FreeLanguageTools / vocabsieve

Simple sentence mining tool for language learning
GNU General Public License v3.0
343 stars 25 forks source link

TTS integration for sentence mining from text #158

Open Mycheze opened 1 month ago

Mycheze commented 1 month ago

Is your feature request related to a problem? Please describe. When mining from pure text, there is no good way to get audio recordings for full sentences. Being able to input an API key to some (good) TTS service would make text based cards come to life.

Describe the solution you'd like My personal favorite is ElevenLabs since they have lots of great voices. In theory, I would be able to put in my API key and a voice ID, then (if enabled on importing or in card creation), every new card will get an mp3 file generated for the sentence. And put into Anki with the rest of the card.

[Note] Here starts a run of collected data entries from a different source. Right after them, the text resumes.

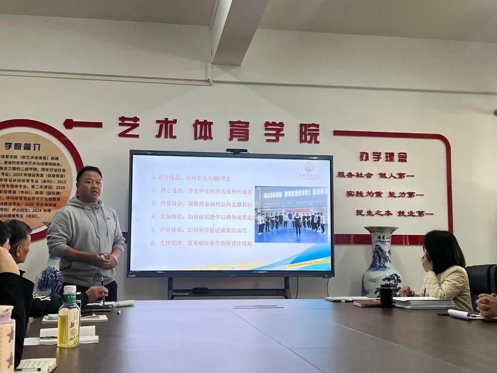 休闲体育专业由冰雪教研室主任王冰雪老师以《拓展训练》为例,提出 “从活动体验到能力生成” 思路。他指出传统课程 “重形式、轻实效” 致学生实践能力不足,强调 OBE 理念需以“逆向倒推”为核心,从岗位能力反向设计教学与评价;通过“帐篷搭建实践”“高空项目反思”等课程内容案例,展示“体验—讨论—整合—行动”闭环模式,并要求依布鲁姆认知目标分层设计任务,落实“以学生为中心”。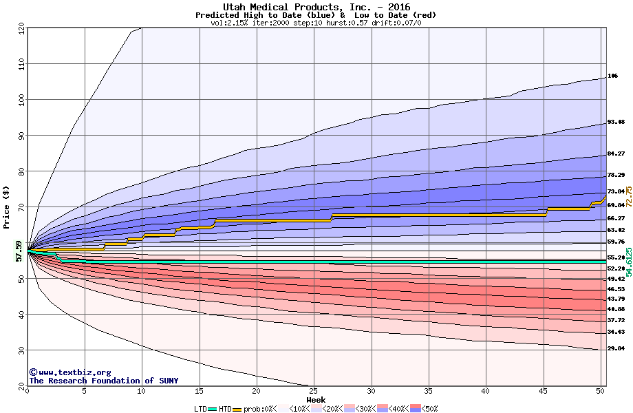 The high to date and low to date prices of the stock plotted against a random walk model for 2016 (what's this?).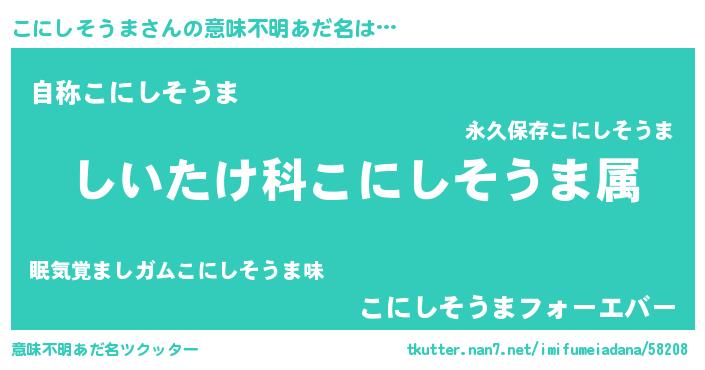 | 料理風あだ名 | 『こにしそうまごはん』 |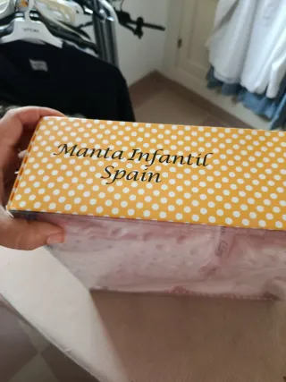 Conjunto de manta para bebé en color rosa, presentado sendback:68dd0b4d1c0c8 una caja. - Manta con relieve de topitos. - Cinta de satén con texto Happy Baby.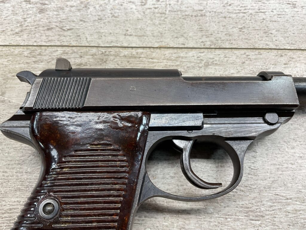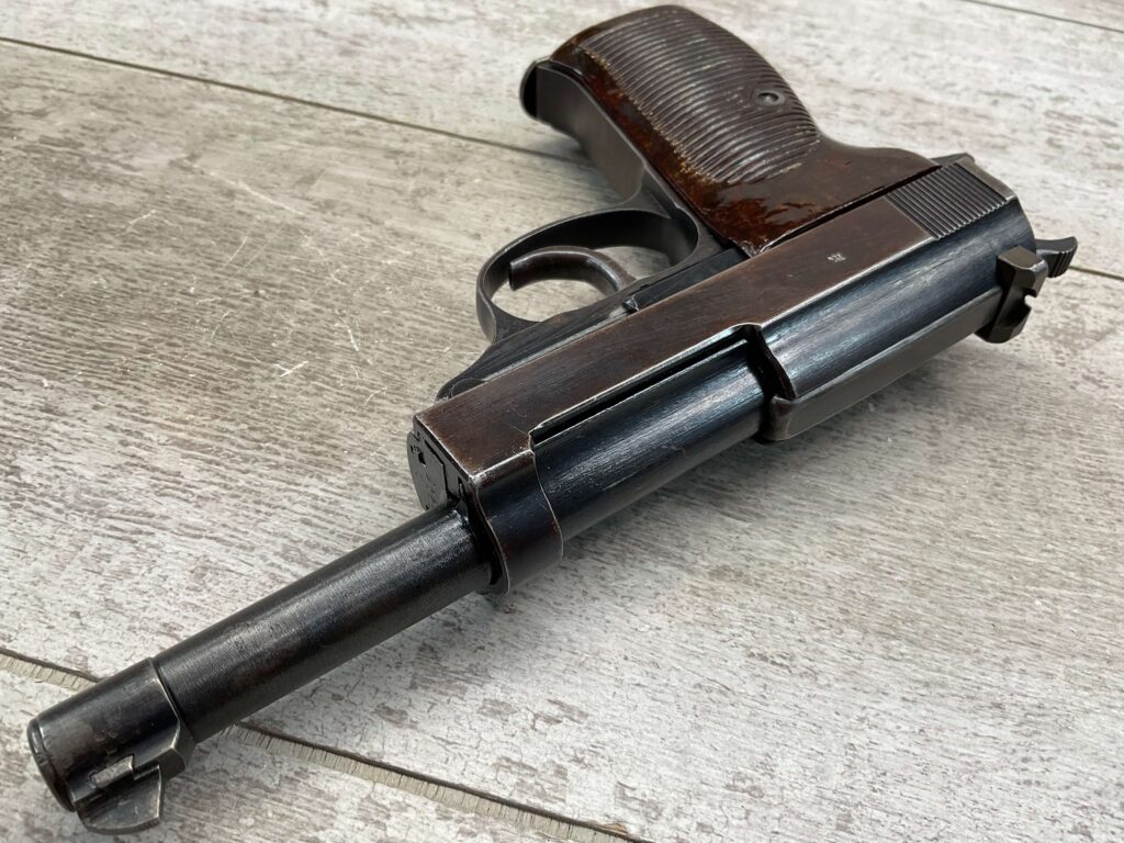 WALTHER P38 AC45 9MM SEMI AUTO PISTOL, NON MATCHING #6335c, #6712c SLIDE, 90%+ BLUE, 4 7/8″ BARREL, ORIGINAL RED BAKELITE GRIPS, “P.38v / U” STAMPED MAGAZINE, DULL MILITARY FINISH, GOOD BORE & RIFLING W/ LIGHT FROSTING IN AREAS, “359” INSPECTION STAMP ON LEFT SIDE OF FRAME ABOVE TRIGGER, EXCELLENT LATE WAR!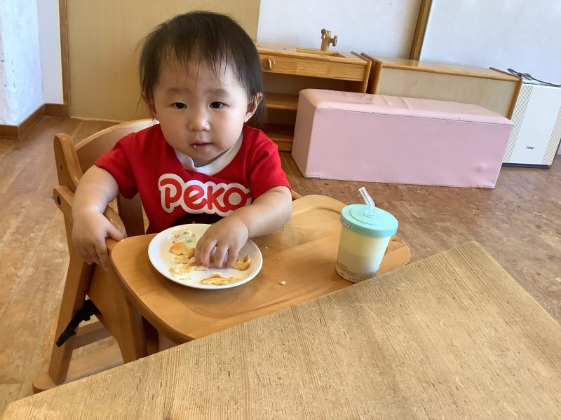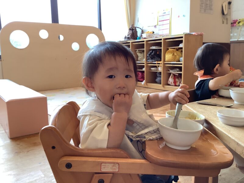 給食やおやつの時間は、子どもたちが楽しみにしているひとときです。手づかみで確かめながら、初めての食材に触れて『食』を楽しんでいます。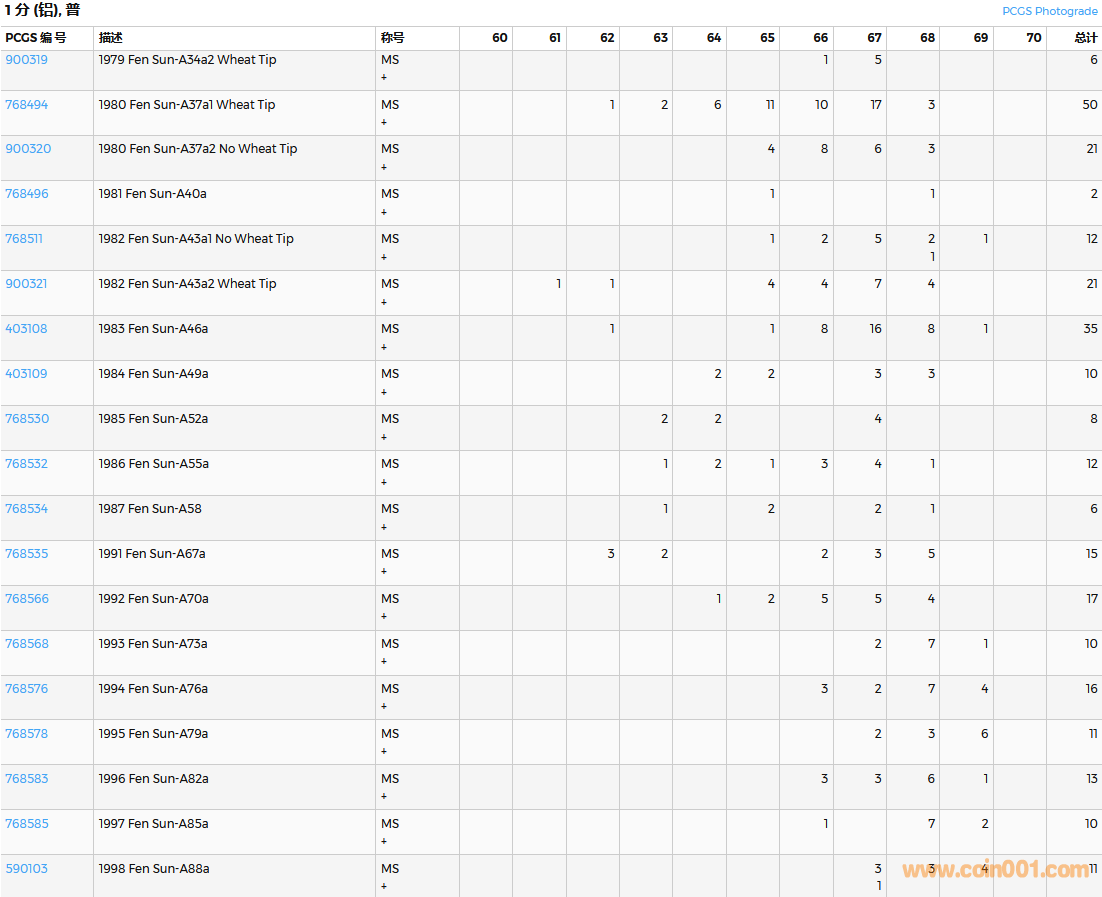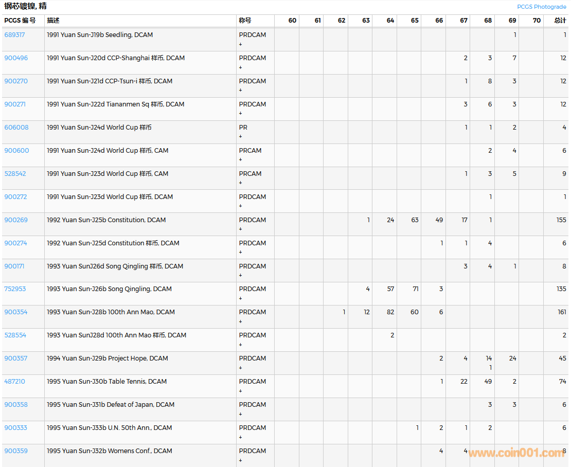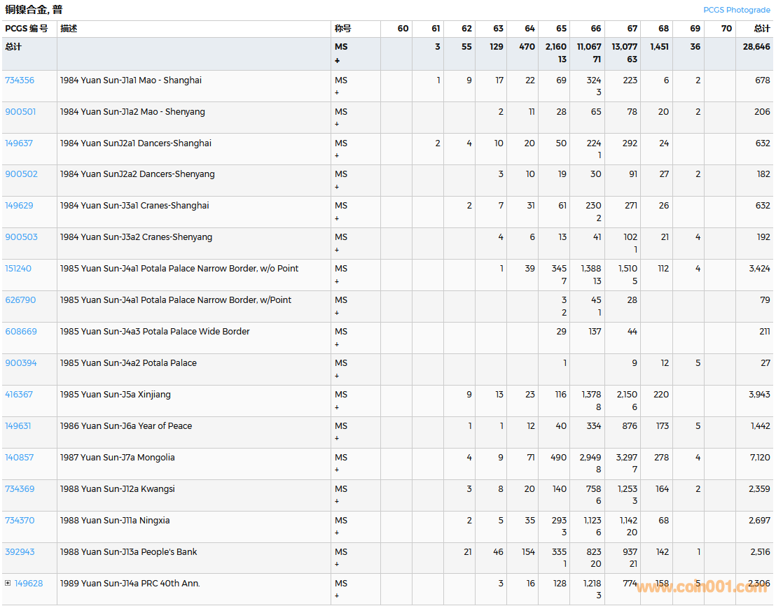 PCGS硬幣評級數(shù)量報告( ..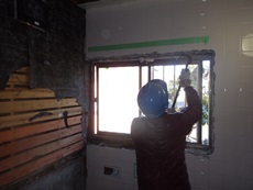 窓の枠にも新しいパネルを貼りつけるので、慎重に作業します。 |
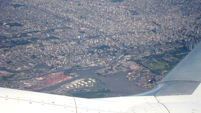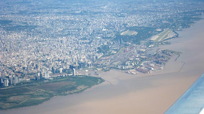 画像1: 画像中央下部に見える大きな水域がブエノス・アイレス港内へ通じる一つのアクセス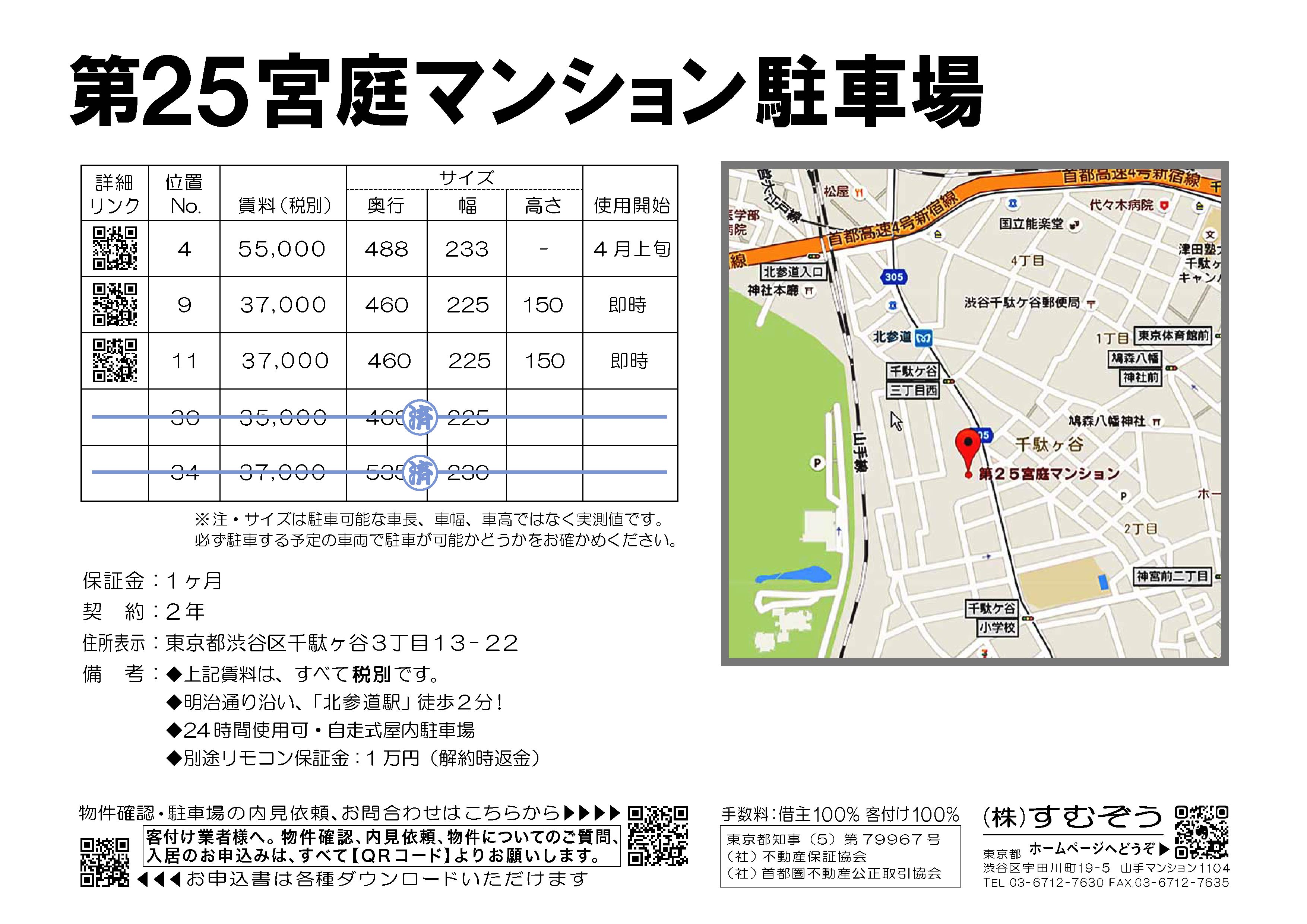 自走式屋内駐車場 明治通り沿い 24時間使用可 北参道駅2分 ※必ず一度、駐車予定の車両で試し入れしてください。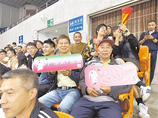 当天,不少澳门市民也特意前来赛场支持澳门队。“我们特意从澳门过来看比赛,我很喜欢打排球,这是第一次来到台山,台山的排球氛围非常好,在这里看比赛很爽。”澳门排球爱好者罗锦源兴奋地说。澳门球迷程子扬表示,粤港澳大湾区的交通网络很发达,从澳门自驾来台山仅需约1.5个小时,随时都可以驾车过来看球赛、吃黄鳝饭,感受台山的排球氛围,游玩侨乡。“在现场看完比赛,我感觉全运会真是高手云集,我们这次的对手广东队很强,希望澳门队在此次比赛中掌握更多经验,打出更好的成绩。我们会继续来台山支持澳门队。”他还表示,十五运会搭建了良好的体育交流平台,大家因排球而紧密相连,促进了彼此在体育领域的开放互赢。

Additional context I threw together a basic yet functional python script to show how it works.

import requests

XI_API_KEY = "thisismysecretAPIkey"
VOICE_ID = "SAeFbPY3UJ8JdNKiLdtE"
TEXT_TO_SPEAK = "This sentence can be ANYTHING in 29 different languages. Sentences only, though."
OUTPUT_PATH = "output.mp3"

tts_url = f"https://api.elevenlabs.io/v1/text-to-speech/{VOICE_ID}/stream"
headers = {
    "Accept": "application/json",
    "xi-api-key": XI_API_KEY,
    "Content-Type": "application/json"
}
data = {
    "text": TEXT_TO_SPEAK,
    "model_id": "eleven_multilingual_v2",
    "voice_settings": {
        "stability": 0.5,
        "similarity_boost": 0.8,
        "style": 0.0,
        "use_speaker_boost": True
    }
}

response = requests.post(tts_url, json=data, headers=headers, stream=True)

with open(OUTPUT_PATH, 'wb') as f:
    for chunk in response.iter_content(chunk_size=4096):
        if chunk:
            f.write(chunk)

print(f"Finished writing audio file to {OUTPUT_PATH}")
1over137 commented 1 month ago

Any advantages over using something like AwesomeTTS/HyperTTS in Anki?

Mycheze commented 1 month ago

Integrated into the card creation. I don't use those cause it's too much of a distraction from my process. They're good workarounds, but having everything added card by card would be much smoother.

1over137 commented 3 weeks ago

I think they allow you to generate on-demand with the note type, no? https://www.vocab.ai/tutorials/awesometts-on-the-fly-tts

In general I think this is difficult to do in a way that would be usable (i.e. without pasting some json) for the options. If there are a few good services with ~same API I can consider it, but I'll need to decide on a way to present this in the UI.